> [SOURCE MATERIAL]:
-*-*-
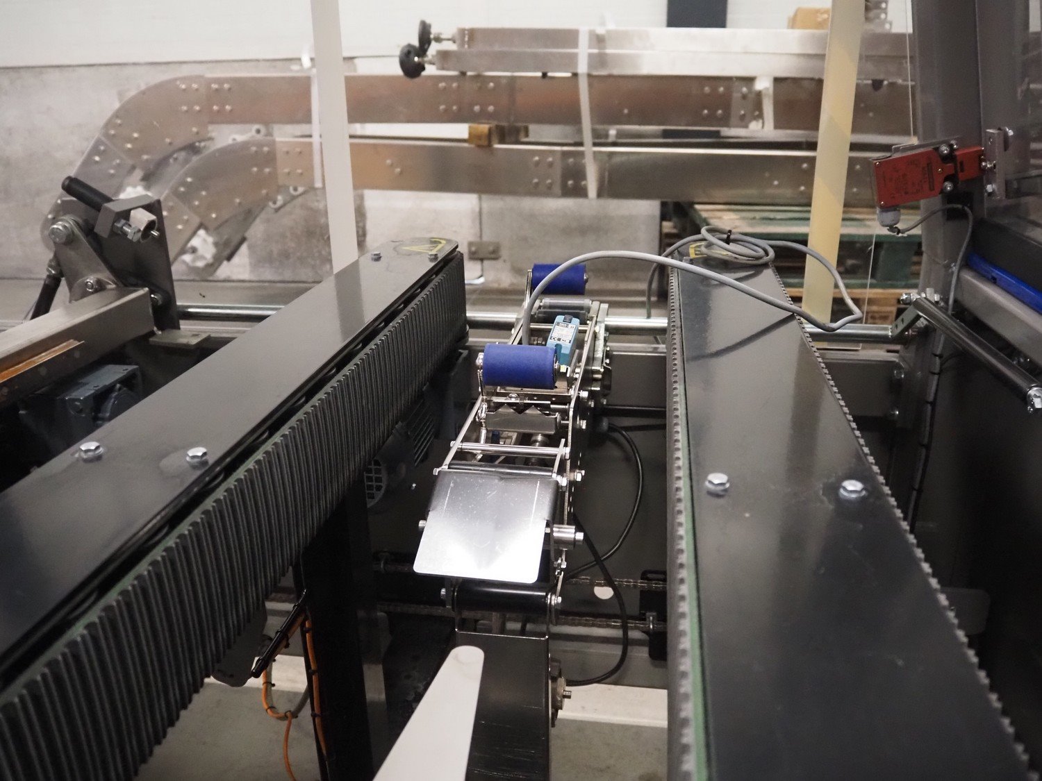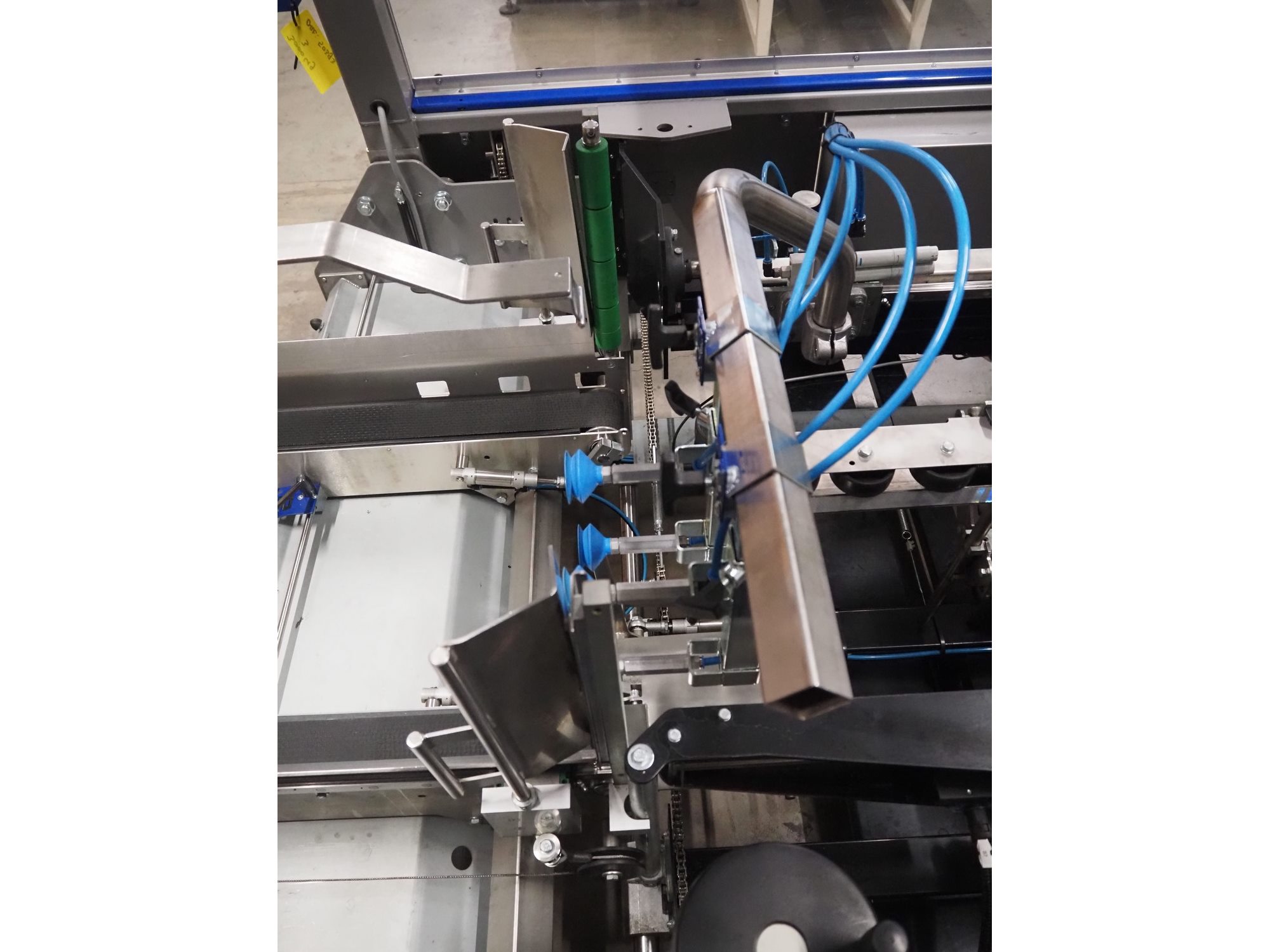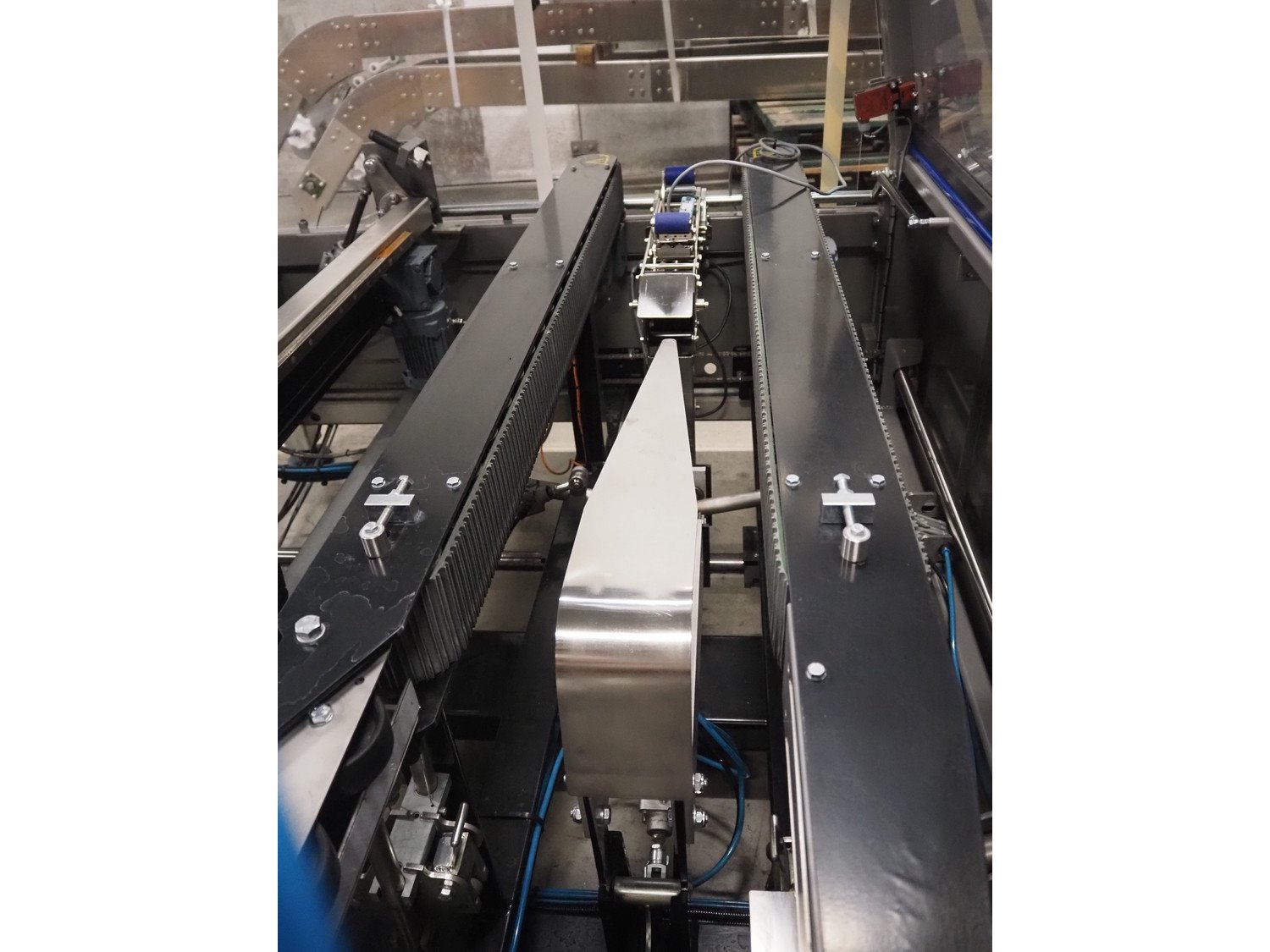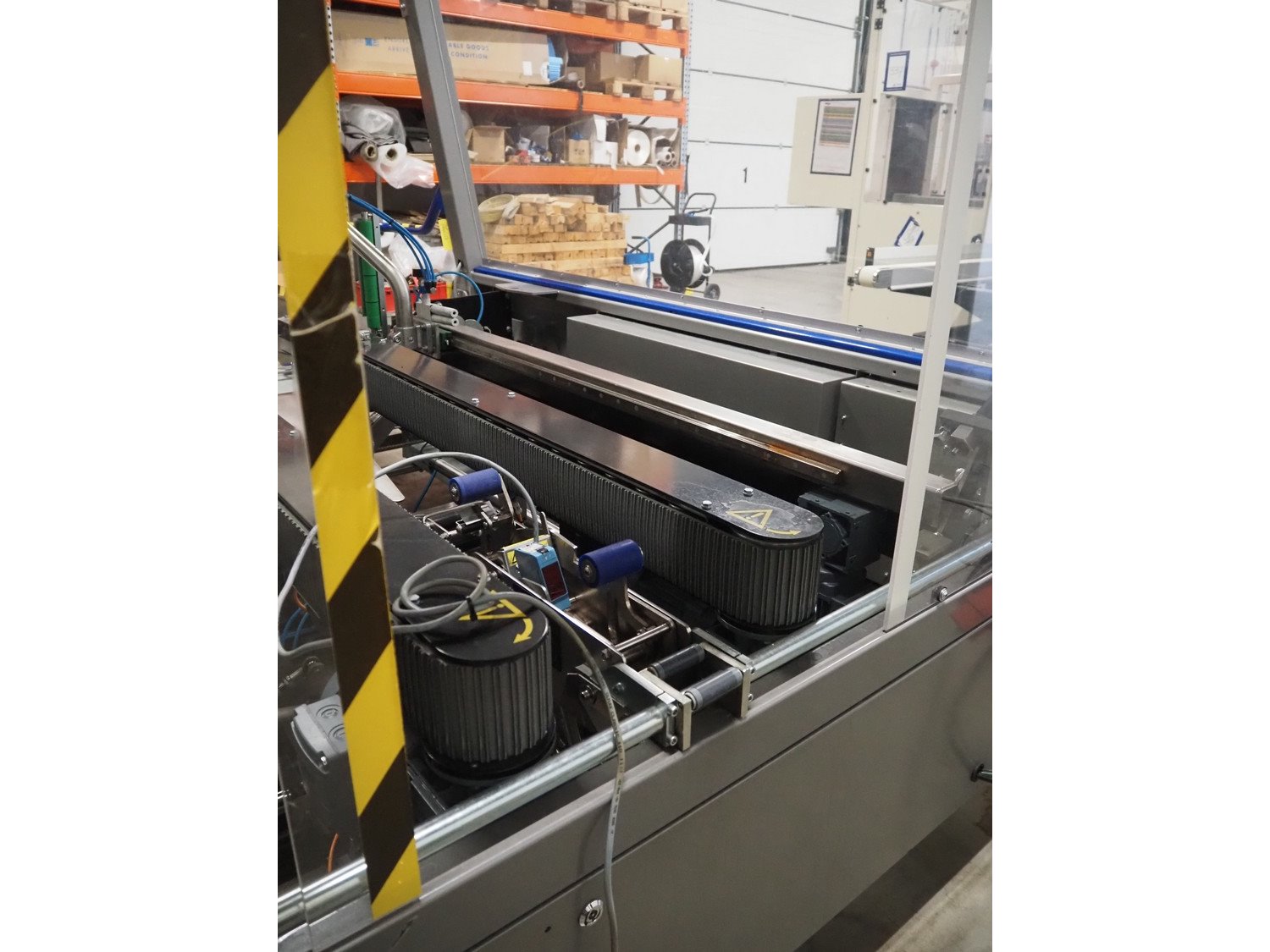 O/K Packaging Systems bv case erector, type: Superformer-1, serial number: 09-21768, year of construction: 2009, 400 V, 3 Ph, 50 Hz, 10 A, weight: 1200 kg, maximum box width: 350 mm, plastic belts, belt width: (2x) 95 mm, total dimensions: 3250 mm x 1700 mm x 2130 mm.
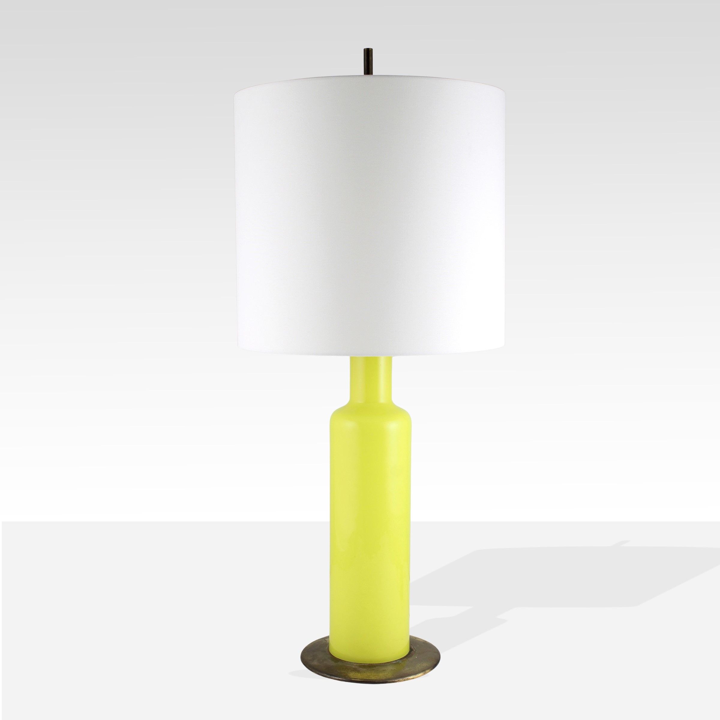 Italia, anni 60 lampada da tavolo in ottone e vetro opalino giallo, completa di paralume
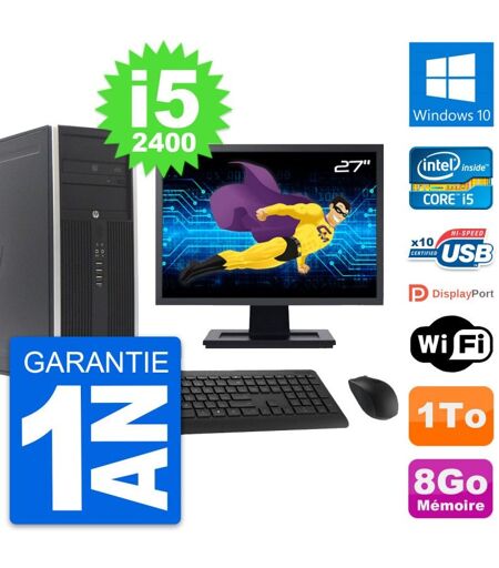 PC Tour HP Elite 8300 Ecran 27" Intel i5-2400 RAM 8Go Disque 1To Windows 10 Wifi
-*-*-
> [EXERCISE BRIEF]: Reproduce the data above exactly, leaving out any picture in it.

> [SOLVED EXERCISE]:
 O/K Packaging Systems bv case erector, type: Superformer-1, serial number: 09-21768, year of construction: 2009, 400 V, 3 Ph, 50 Hz, 10 A, weight: 1200 kg, maximum box width: 350 mm, plastic belts, belt width: (2x) 95 mm, total dimensions: 3250 mm x 1700 mm x 2130 mm.
 Italia, anni 60 lampada da tavolo in ottone e vetro opalino giallo, completa di paralume
 PC Tour HP Elite 8300 Ecran 27" Intel i5-2400 RAM 8Go Disque 1To Windows 10 Wifi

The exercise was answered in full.